EXERCISE
Return each line below exactly as it reads, and omit any image in it.

Data excerpts
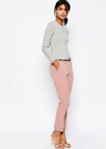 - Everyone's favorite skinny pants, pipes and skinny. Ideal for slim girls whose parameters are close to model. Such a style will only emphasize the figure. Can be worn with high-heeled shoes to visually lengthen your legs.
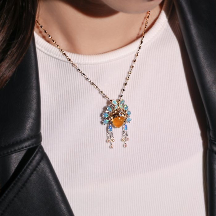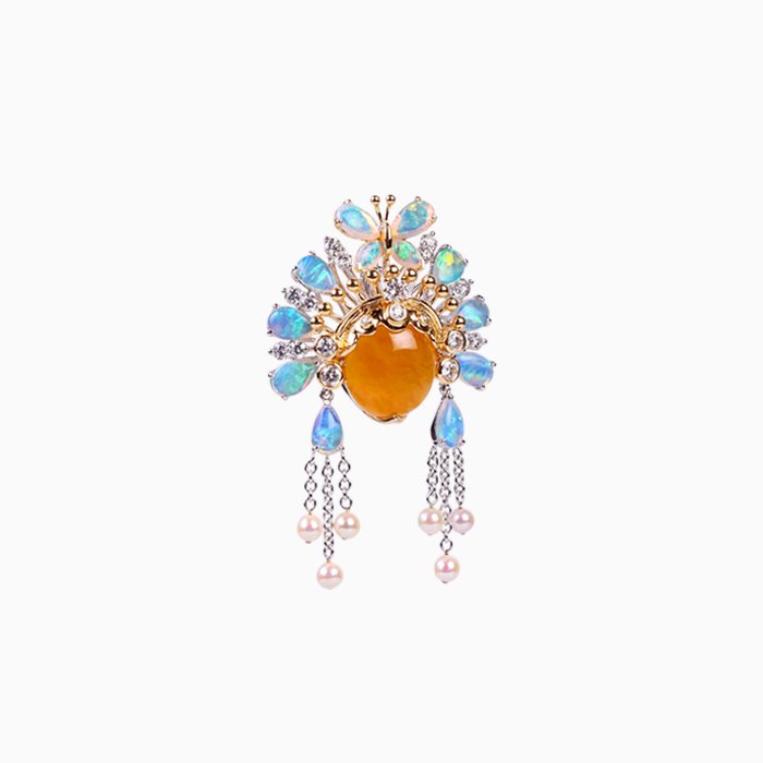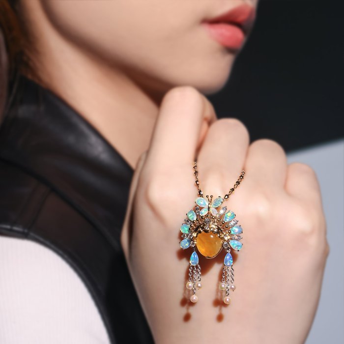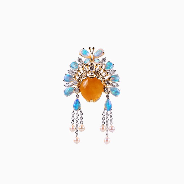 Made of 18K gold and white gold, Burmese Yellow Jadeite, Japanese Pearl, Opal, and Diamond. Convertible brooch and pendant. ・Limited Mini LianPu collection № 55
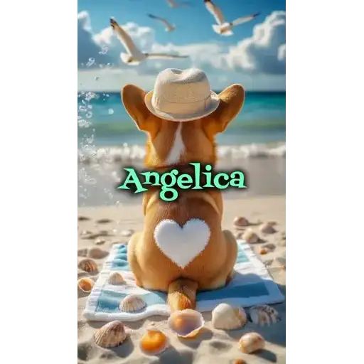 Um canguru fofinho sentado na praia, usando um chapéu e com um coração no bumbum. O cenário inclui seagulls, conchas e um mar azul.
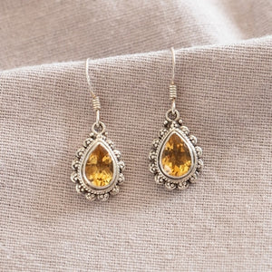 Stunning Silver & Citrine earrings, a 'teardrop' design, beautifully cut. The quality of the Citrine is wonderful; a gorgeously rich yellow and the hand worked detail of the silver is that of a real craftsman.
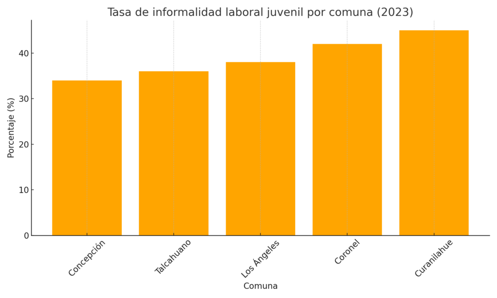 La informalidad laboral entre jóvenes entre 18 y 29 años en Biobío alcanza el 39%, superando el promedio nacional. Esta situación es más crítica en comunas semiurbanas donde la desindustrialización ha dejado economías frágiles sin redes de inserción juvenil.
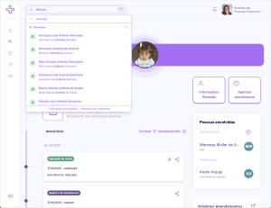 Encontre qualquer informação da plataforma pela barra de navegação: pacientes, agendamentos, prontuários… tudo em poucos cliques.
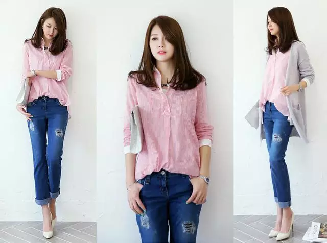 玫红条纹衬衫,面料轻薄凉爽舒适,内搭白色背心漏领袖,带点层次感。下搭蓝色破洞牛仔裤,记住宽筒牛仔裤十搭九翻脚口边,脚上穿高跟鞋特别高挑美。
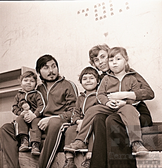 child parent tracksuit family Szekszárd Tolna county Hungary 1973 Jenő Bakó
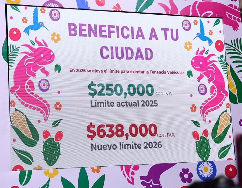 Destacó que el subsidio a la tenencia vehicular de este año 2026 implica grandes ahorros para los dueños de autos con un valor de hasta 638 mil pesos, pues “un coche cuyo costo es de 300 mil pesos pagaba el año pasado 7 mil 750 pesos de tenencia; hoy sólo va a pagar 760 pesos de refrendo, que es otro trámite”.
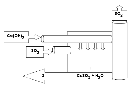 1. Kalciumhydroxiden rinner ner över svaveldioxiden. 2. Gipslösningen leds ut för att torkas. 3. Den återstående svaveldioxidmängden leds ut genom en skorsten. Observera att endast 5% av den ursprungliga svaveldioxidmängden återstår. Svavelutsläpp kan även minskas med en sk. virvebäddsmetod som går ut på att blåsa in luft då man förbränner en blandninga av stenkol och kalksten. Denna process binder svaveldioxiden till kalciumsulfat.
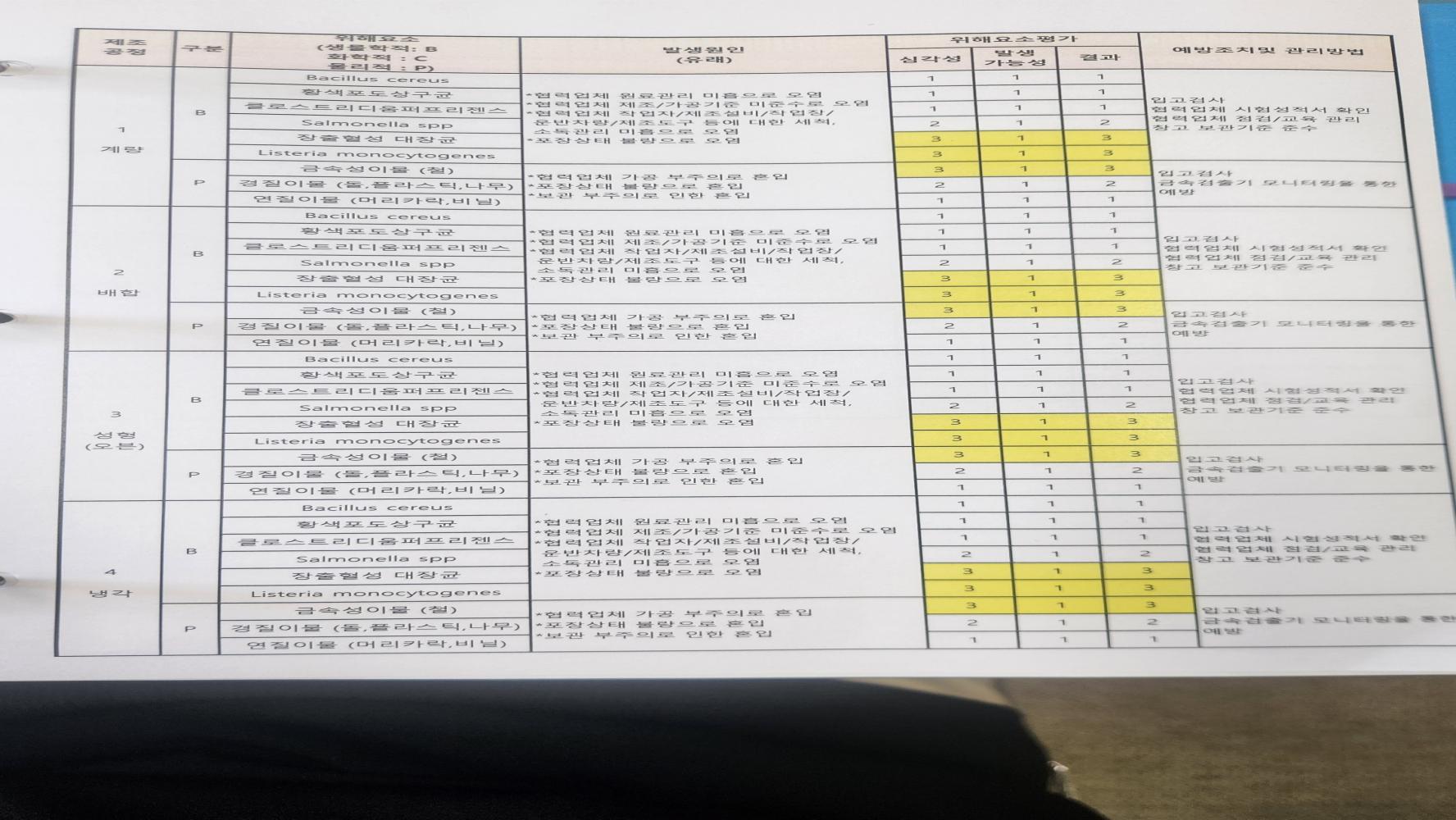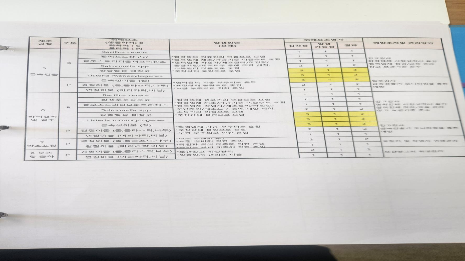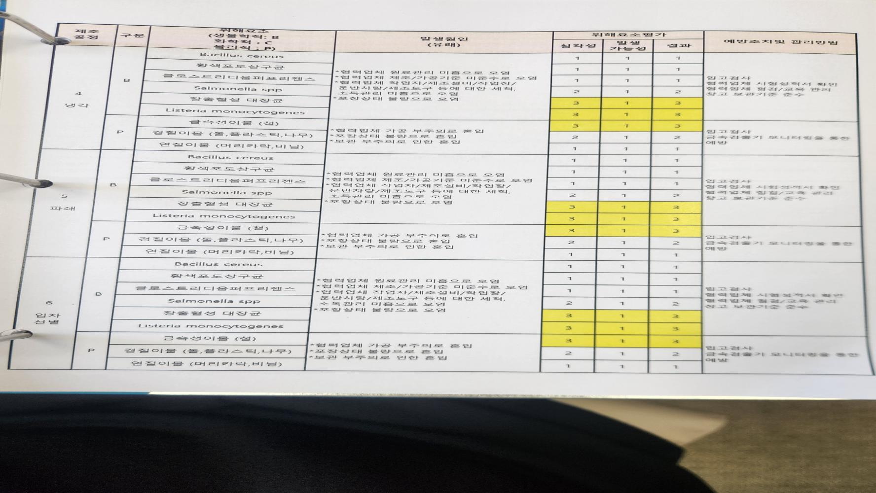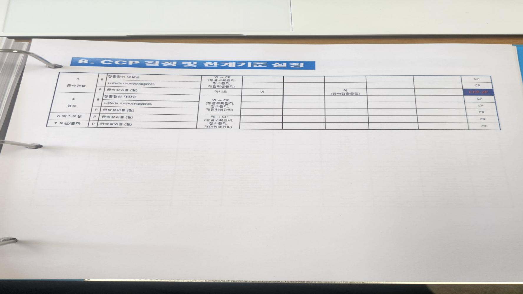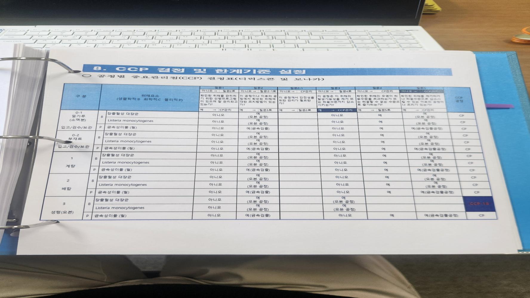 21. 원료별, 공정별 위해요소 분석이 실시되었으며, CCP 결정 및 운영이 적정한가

TASK SOLUTION
 - Everyone's favorite skinny pants, pipes and skinny. Ideal for slim girls whose parameters are close to model. Such a style will only emphasize the figure. Can be worn with high-heeled shoes to visually lengthen your legs.
 Made of 18K gold and white gold, Burmese Yellow Jadeite, Japanese Pearl, Opal, and Diamond. Convertible brooch and pendant. ・Limited Mini LianPu collection № 55
 Um canguru fofinho sentado na praia, usando um chapéu e com um coração no bumbum. O cenário inclui seagulls, conchas e um mar azul.
 Stunning Silver & Citrine earrings, a 'teardrop' design, beautifully cut. The quality of the Citrine is wonderful; a gorgeously rich yellow and the hand worked detail of the silver is that of a real craftsman.
 La informalidad laboral entre jóvenes entre 18 y 29 años en Biobío alcanza el 39%, superando el promedio nacional. Esta situación es más crítica en comunas semiurbanas donde la desindustrialización ha dejado economías frágiles sin redes de inserción juvenil.
 Encontre qualquer informação da plataforma pela barra de navegação: pacientes, agendamentos, prontuários… tudo em poucos cliques.
 玫红条纹衬衫,面料轻薄凉爽舒适,内搭白色背心漏领袖,带点层次感。下搭蓝色破洞牛仔裤,记住宽筒牛仔裤十搭九翻脚口边,脚上穿高跟鞋特别高挑美。
 child parent tracksuit family Szekszárd Tolna county Hungary 1973 Jenő Bakó
 Destacó que el subsidio a la tenencia vehicular de este año 2026 implica grandes ahorros para los dueños de autos con un valor de hasta 638 mil pesos, pues “un coche cuyo costo es de 300 mil pesos pagaba el año pasado 7 mil 750 pesos de tenencia; hoy sólo va a pagar 760 pesos de refrendo, que es otro trámite”.
 1. Kalciumhydroxiden rinner ner över svaveldioxiden. 2. Gipslösningen leds ut för att torkas. 3. Den återstående svaveldioxidmängden leds ut genom en skorsten. Observera att endast 5% av den ursprungliga svaveldioxidmängden återstår. Svavelutsläpp kan även minskas med en sk. virvebäddsmetod som går ut på att blåsa in luft då man förbränner en blandninga av stenkol och kalksten. Denna process binder svaveldioxiden till kalciumsulfat.
 21. 원료별, 공정별 위해요소 분석이 실시되었으며, CCP 결정 및 운영이 적정한가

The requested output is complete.